Decision Date28 June 1978
Docket NumberNo. 77-653,77-653
Citation57 L.Ed.2d 705,438 U.S. 204,98 S.Ct. 2699
PartiesWilliam SWISHER et al., Appellants, v. Donald BRADY et al
CourtU.S. Supreme Court

Appellee minors brought a class action under 42 U.S.C. § 1983 seeking, on the basis of the Double Jeopardy Clause of the Fifth Amendment as applied to the States by the Fourteenth, to prevent the State of Maryland from filing exceptions with the Juvenile Court to proposed nondelinquency findings made by masters of that court pursuant to a rule of procedure (Rule 911) permitting the State to file such exceptions but further providing that the Juvenile Court judge, who is empowered to accept, modify, or reject, the master's proposals, can act on the exceptions only on the basis of the record made before the master, except that he may receive additional evidence to which the parties do not object. The District Court held that a juvenile subjected to a hearing before the master is placed in jeopardy, even though the master has no power to enter a final order, and that the Juvenile Court judge's review placed the juvenile in jeopardy a second time, and accordingly enjoined the appellant state officials from taking exceptions to either a master's proposed finding of nondelinquency or his proposed disposition. Held : The Double Jeopardy Clause does not prohibit Maryland officials, acting in accordance with Rule 911, from taking exceptions to a master's proposed findings. Breed v. Jones, 421 U.S. 519, 95 S.Ct. 1779, 44 L.Ed.2d 346, distinguished. Pp. 214-219.

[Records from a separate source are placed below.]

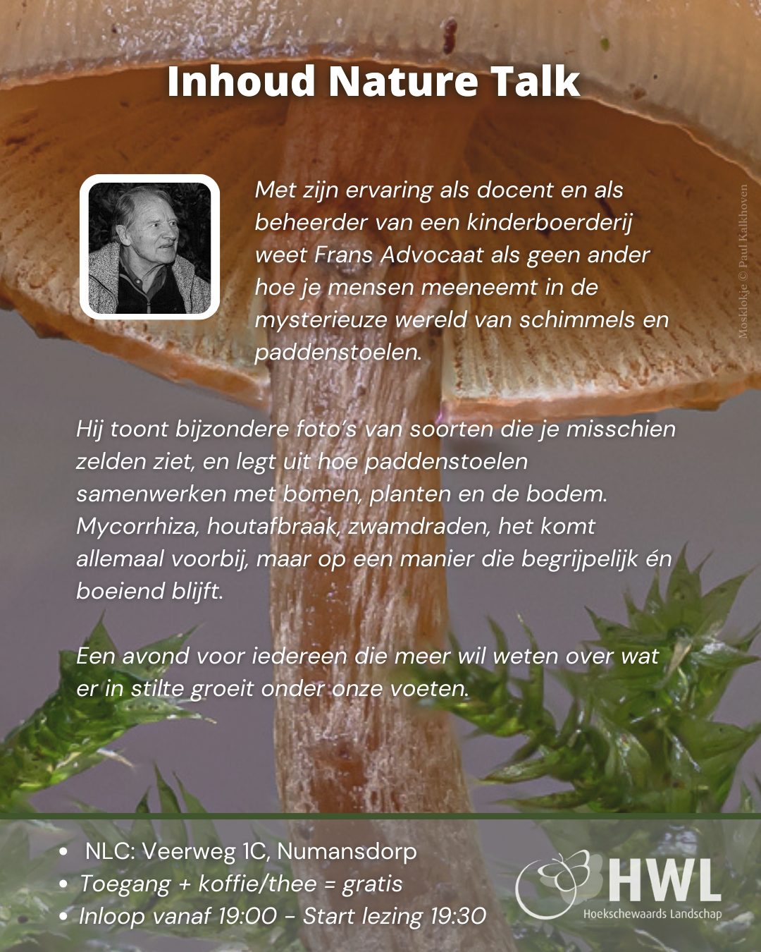 Met zijn ervaring als docent en als beheerder van een kinderboerderij weet Frans Advocaat als geen ander hoe je mensen meeneemt in de mysterieuze wereld van schimmels en paddenstoelen. Hij toont bijzondere foto’s van soorten die je misschien zelden ziet, en legt uit hoe paddenstoelen samenwerken met bomen, planten en de bodem. Mycorrhiza, houtafbraak, zwamdraden, het komt allemaal voorbij, maar op een manier die begrijpelijk én boeiend blijft. Een avond voor iedereen die meer wil weten over wat er in stilte groeit onder onze voeten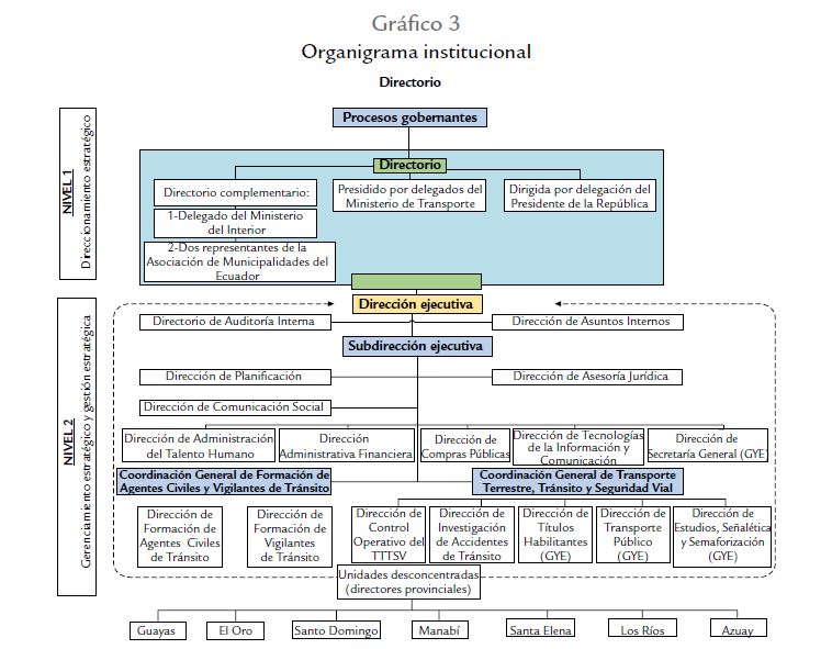 El nivel dos corresponde al gerenciamiento y gestión estratégica, liderado por un director ejecutivo y, por debajo de él, un subdirector ejecutivo. Las direcciones de Auditoría Interna y Asuntos Internos dependen del director, mientras que del subdirector dependen ocho direcciones administrativas, como Planificación, Comunicación Social, Talento Humano, Financiera, TIC, Compras Públicas, Secretaría General y Asesoría Jurídica. La Subdirección se encuentra a cargo de las coordinaciones generales de Formación de Agentes Civiles y Vigilantes de Tránsito, junto con la de Transporte Terrestre, Tránsito y Seguridad Vial. Las unidades desconcentradas de la CTE son Guayas, El Oro, Santo Domingo, Manabí, Santa Elena, Los Ríos y Azuay. En el siguiente organigrama se detallan los dos niveles organizacionales de la CTE. Sobre el tercer nivel se volverá más adelante: en el gráfico 3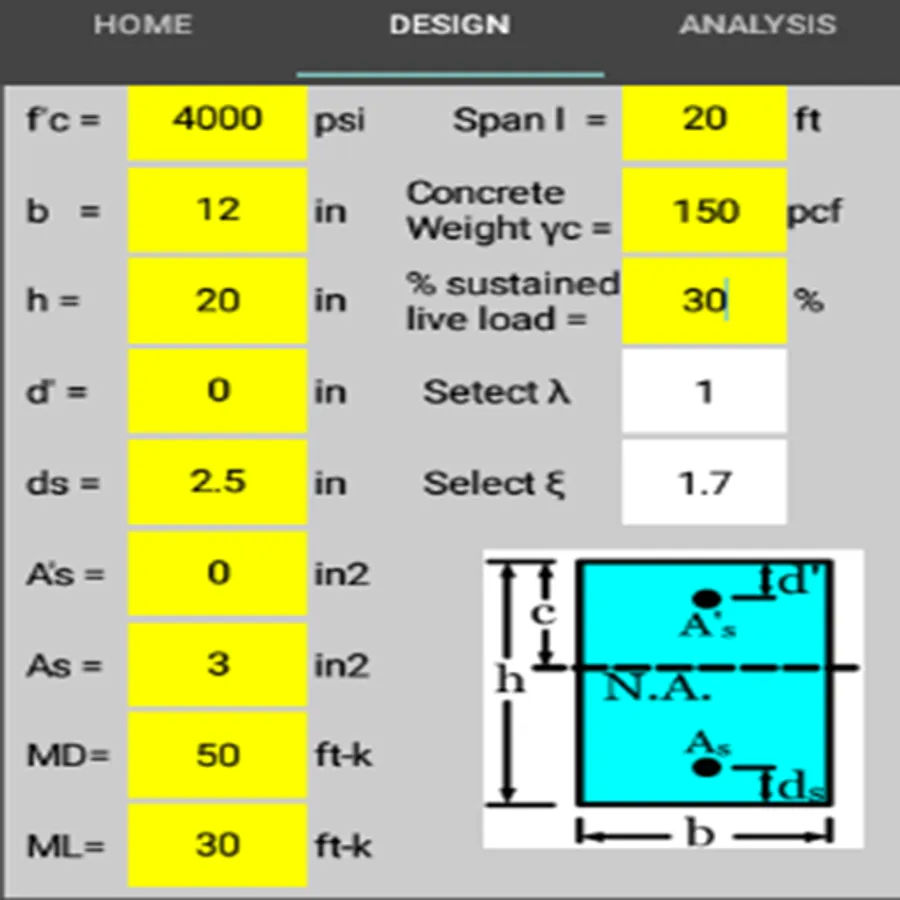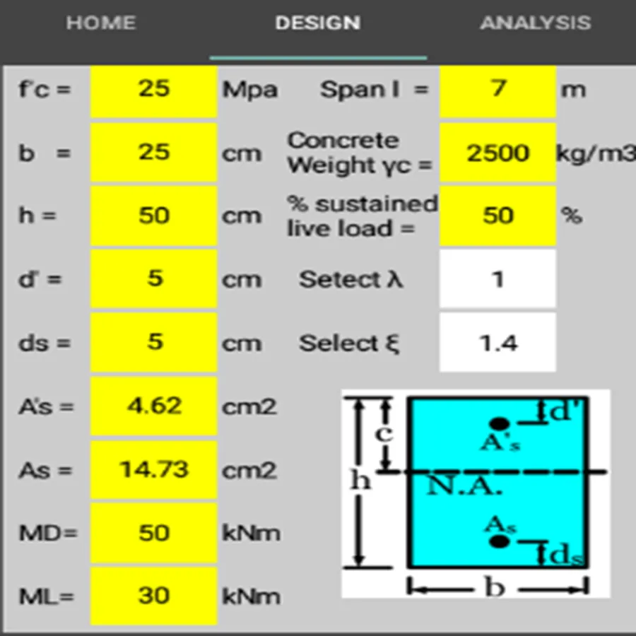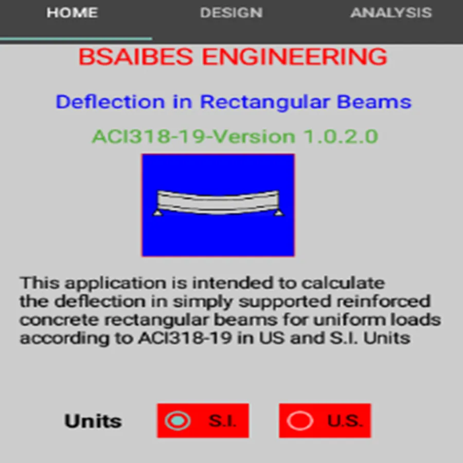 This application is intended to calculate the deflection in simply supported reinforced concrete rectangular beams for uniform loads
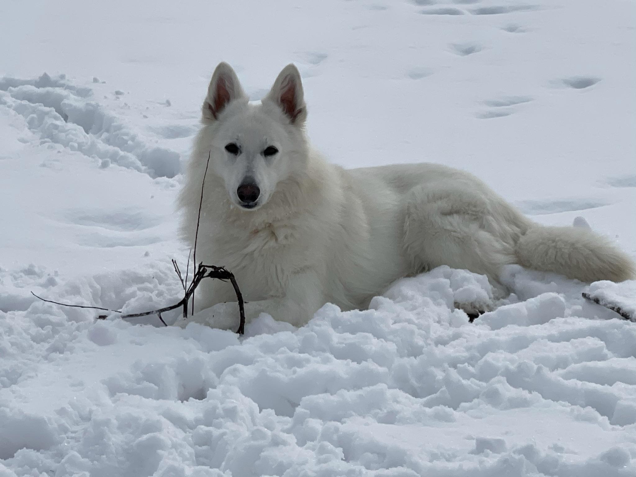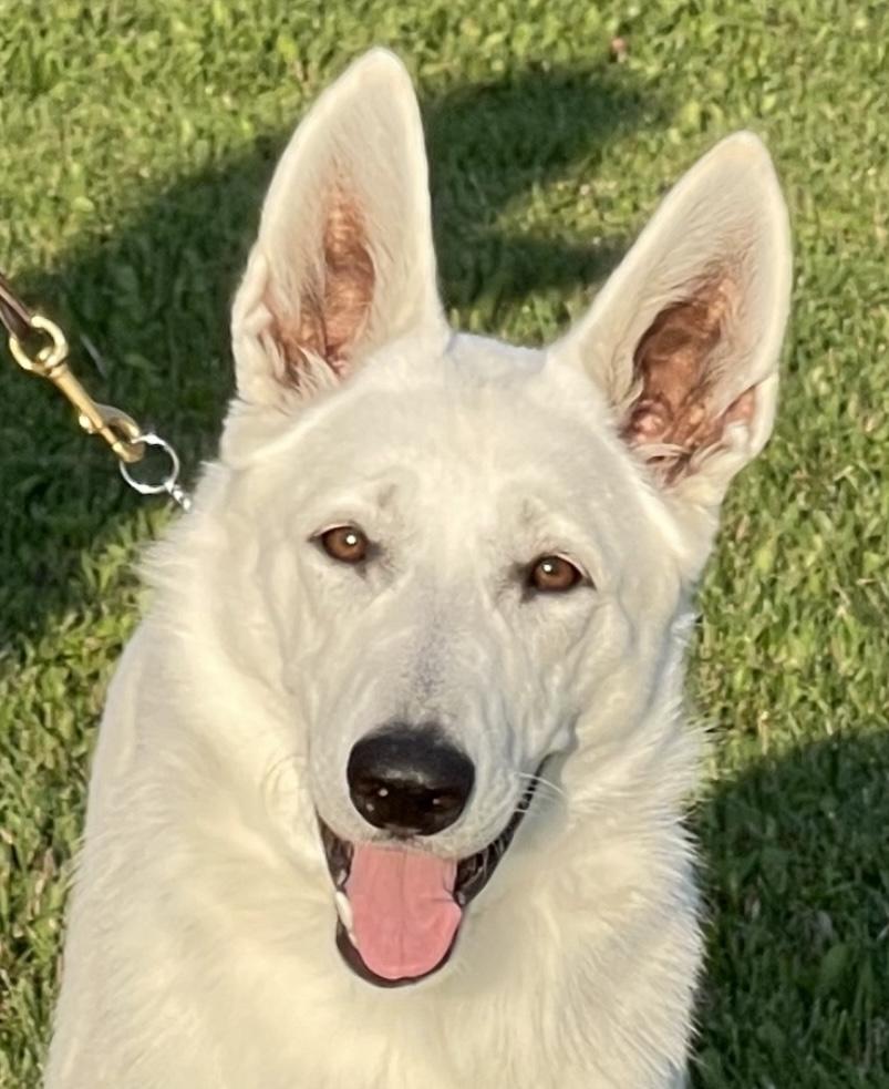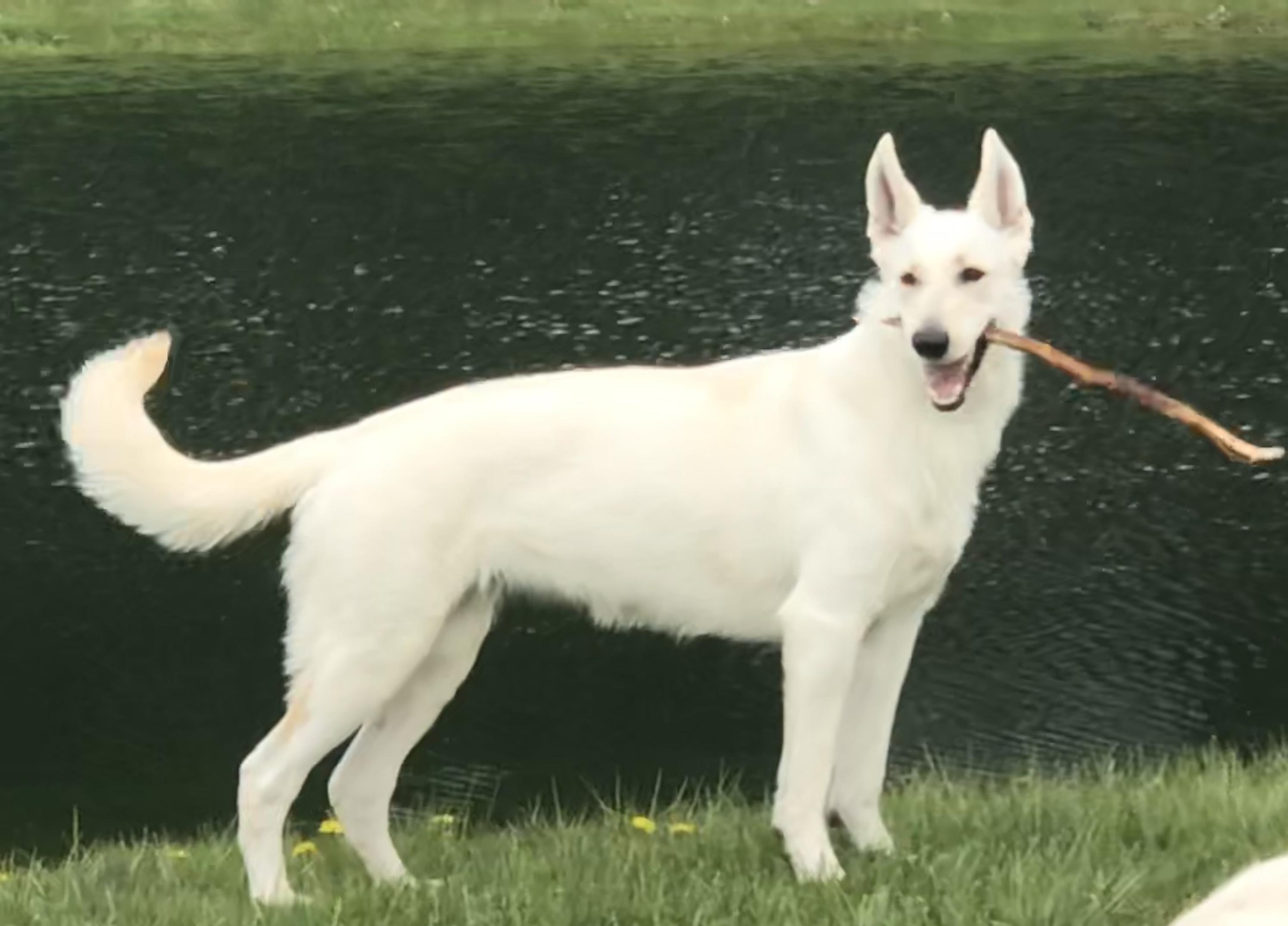 Ghost is a male White Shepherd. Carefully selected as a great representative of his breed, Missy decided to make him part of their program. Missy has passed Good Dog’s screening process, which involved a review of their breeding practices, environment, and the mental and physical health of their dogs.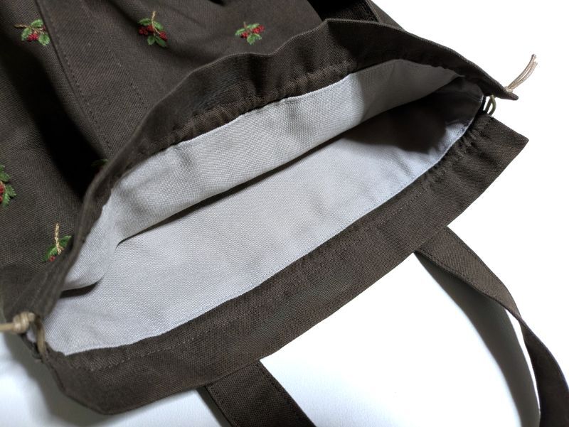 裏地は少し厚手のキャンバス生地(ライトグレー色)を使用しています。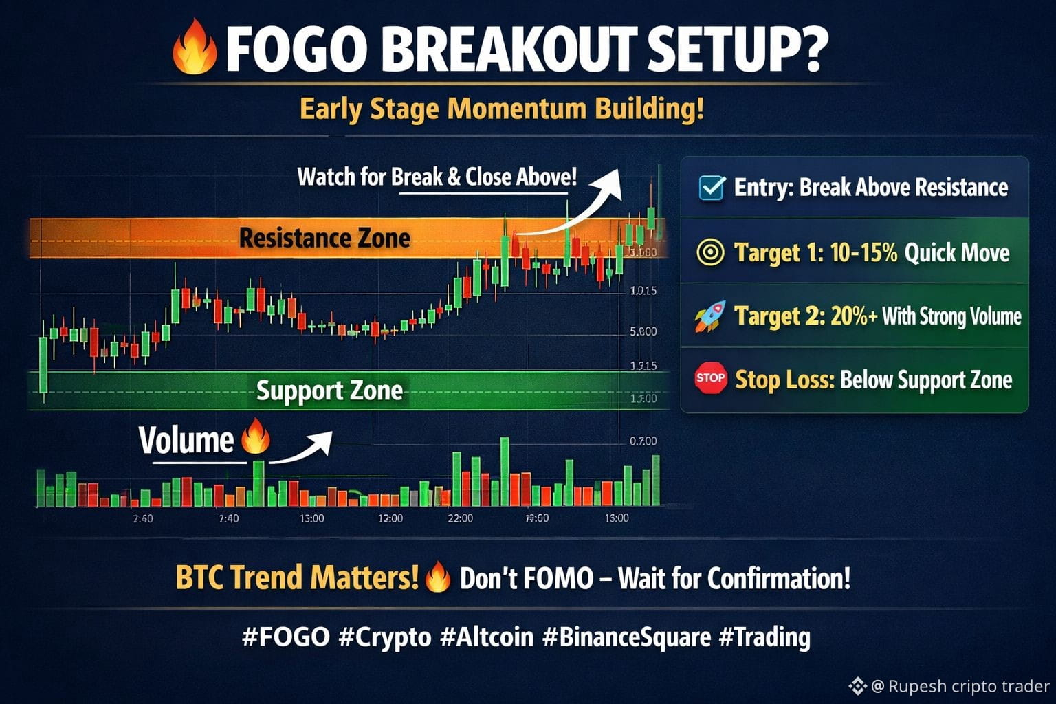 $FOGO $BTC showing strong volatility after recent exchange attention. Volume spike indicates short-term trader interest. If price sustains above key resistance zone, we could see a quick momentum push.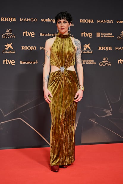 Belén Rueda se decantó por el blanco y lució un diseño con sobrecapa de Valenzuela Atelier, su firma de cabecera para este tipo de eventos.JOSEP LAGO (AFP via Getty Images)Hiba Abouk, destilando 'glamour' hollywoodiense con un vestido de archivo de Carolina Herrera de 2015.Carlos Alvarez (WireImage)La futbolista azulgrana Alexia Putellas lució un vestido negro de la primera colección de Pierpaolo Piccioli para Balenciaga.JOSEP LAGO (AFP via Getty Images)Irene Escolar también optó por el negro. Su vestido es una pieza de archivo de Giorgio Armani, de la colección otoño-invierno 2004, y lo combinó con joyas de Tiffany & Co. La intérprete triunfa en el teatro con 'Personas, lugares y cosas'.Europa Press News (Europa Press via Getty Images)La pareja formada por Luis Tosar, con traje de Pedro del Hierro y Luisa Mayol, con vestido negro de terciopelo de Michael Costello. El actor copresenta la gala con la cantante Rigoberta Bandini.Europa Press News (Europa Press via Getty Images)Rigoberta Bandini, copresentadora de la gala, a su llegada con su marido, Esteban Navarro. Ella, con un vestido de Rabanne, zapatos de Lola Cruz y joyas de La Manso, y él con un esmoquin clásico.Europa Press News (Europa Press via Getty Images)Toni Acosta escogió este diseño con escote asimétrico de Isabel Sanchis y joyas de Mumit.Carlos Alvarez (WireImage)La modelo y presentadora Nieves Álvarez, una habitual en la ceremonia de los Goya, con vestido de encaje blanco de Juana Martín.Europa Press News (Europa Press via Getty Images)Bad Gyal, una de las encargadas de poner música a la velada, con un sensual vestido ‘nude’ con cola de Ludovic de Saint Sernin.JOSEP LAGO (AFP via Getty Images)Almudena Amor, con un vestido lencero minimalista y satinado de Mango y el pelo suelto muy natural.Europa Press News (Europa Press via Getty Images)Mireia Oriol, con un palabra de honor rojo de archivo de Lanvin en la época en la que Alber Elbaz estaba a la cabeza de la firma, en 2012. Sus joyas, también de archivo, de Tous.Europa Press News (Europa Press via Getty Images)La televisiva Paula Vázquez, con un vestido de corte sirena azul, de Alejandro de Miguel.Europa Press News (Europa Press via Getty Images)La directora Carla Simón, que suma seis nominaciones a los Goya con 'Romería', sobria con un modelo negro de Teresa Helbig.Europa Press News (Europa Press via Getty Images)Ivana Baquero apostó por la teatralidad con este vestido con falda con vuelo de Isabel Sanchis y joyas de Rabat.Europa Press News (Europa Press via Getty Images)Marc Clotet y Natalia Sánchez, a su llegada juntos al evento. Él escogió una camisa transparente y ella un vestido blanco palabra de honor. Europa Press News (Europa Press via Getty Images)Julia de Castro, parte de la serie 'Poquita fe', con un 'slip dress' noventero con cortes laterales. Se trata de una creación 'vintage' de Sybilla, del año 1998.Europa Press News (Europa Press via Getty Images)La modelo Laura Ponte, con traje blanco de Mango.Europa Press News (Europa Press via Getty Images)María Pedraza también llevó un traje de Mango, en su caso negro y con corbata.Europa Press News (Europa Press via Getty Images)Susi Sánchez puso una nota de color con este conjunto en distintas tonalidades de verde de Sybilla.Europa Press News (Europa Press via Getty Images)La mexicana Jaydy Michel tampoco se perdió la cita con el cine español. Acudió con un vestido con transparencias de Ze García.Carlos Alvarez (WireImage)La cantante Belén Aguilera, una de las intérpretes de la gala, apostó por las transparencias con vestido de Bonet Studio, zapatos de Alexander McQueen y joyas antiguas de Sardinero. Europa Press News (Europa Press via Getty Images)Arturo Valls, con un esmoquin de chaqueta blanca de Fursac.Europa Press News (Europa Press via Getty Images)La actriz Maggie Civantos, con vestido de Andrew Pocrid y joyas Del Páramo Vintage.Europa Press News (Europa Press via Getty Images)Zoe Bonafonte, actriz de ‘El 47’, con vestido de corte columna y con sobrefalda de tul de Inma Linares y joyas de Messika.Europa Press News (Europa Press via Getty Images)Catalina Sopelana, con un vestido palabra de honor con cuerpo 'peplum' de Maison Rabih Kayrouz y joyas de Bvlgari.Europa Press News (Europa Press via Getty Images)Jedet, también de blanco con un vestido de Joaquín Serra y complementos de Santa Joyas.Europa Press News (Europa Press via Getty Images)Tamar Novas, nominado a mejor actor de reparto por 'Rondallas', de negro riguroso con un conjunto de MM6 Maison Margiela, zapatos de Christian Louboutin y joyas de Cartier.Europa Press News (Europa Press via Getty Images)Jan Monter, nominado a mejor actor revelación por 'Estrany riu', con una casaca de Dior, diseño de Jonathan Anderson.Europa Press News (Europa Press via Getty Images)La directora de 'Sorda', Eva Libertad, con vestido de Ramil y Pujalte y chapa apoyando a Palestina. Nominada en la categoría de dirección novel, a mejor guion adaptado y mejor película.JOSEP LAGO (AFP via Getty Images)Alfonso Bassave, de riguroso negro con traje de Scalpers.Pablo Cuadra (Getty Images)La cantante Ángeles Toledano, una de las actuaciones de la ceremonia, con vestido bicolor de Victoria Cimadevilla y joyas de Del Páramo Vintage.Europa Press News (Europa Press via Getty Images)La actriz Greta Fernández también se decantó por el binomio blanco y negro con un vestido de Jacquemus que completó con joyas de Tous.Europa Press News (Europa Press via Getty Images)Nathalie Poza también jugó con el blanco y negro con este diseño de Isabel Sanchis.Europa Press News (Europa Press via Getty Images)La cantante Alba Molina, protagonista de una de las actuaciones de la noche, junto a su hija Lucía Cepeda. Molina luce un vestido de Kelvis Casillas y joyas de Carrera y Carrera.Europa Press News (Europa Press via Getty Images)La modelo Vanesa Romero brilló con un diseño exclusivo de Rubén Hernández Costura.Europa Press News (Europa 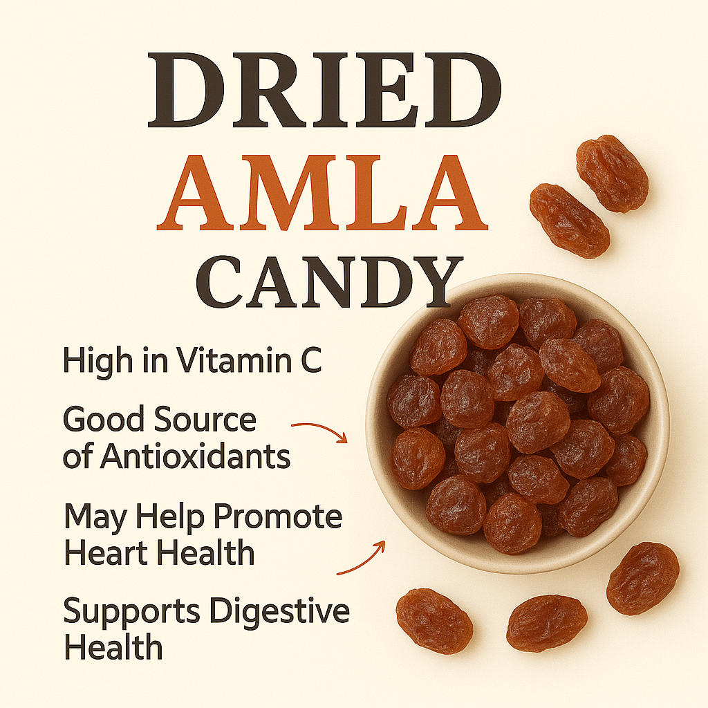 Amla candy is made from dried Indian gooseberries sweetened lightly to keep their natural tangy flavor. These candies are great for digestion, immunity, and hair health. They are fun to eat, refreshing, and a healthy alternative to regular sweets.

(a) The State by filing such exceptions does not require an accused to stand trial a second time, but rather the Stat has created a system with Rule 911 in which an accused juvenile is subjected to a single proceeding which begins with a master's hearing and culminates with an adjudication by a judge. P. 215.

(b) A Rule 911 proceeding does not provide the prosecution the forbidden "second crack" at the accused, since under the Rule the State presents its evidence once before the master, and the record is then closed unless the minor consents to the presentation of additional evidence before the judge. Pp. 215-216.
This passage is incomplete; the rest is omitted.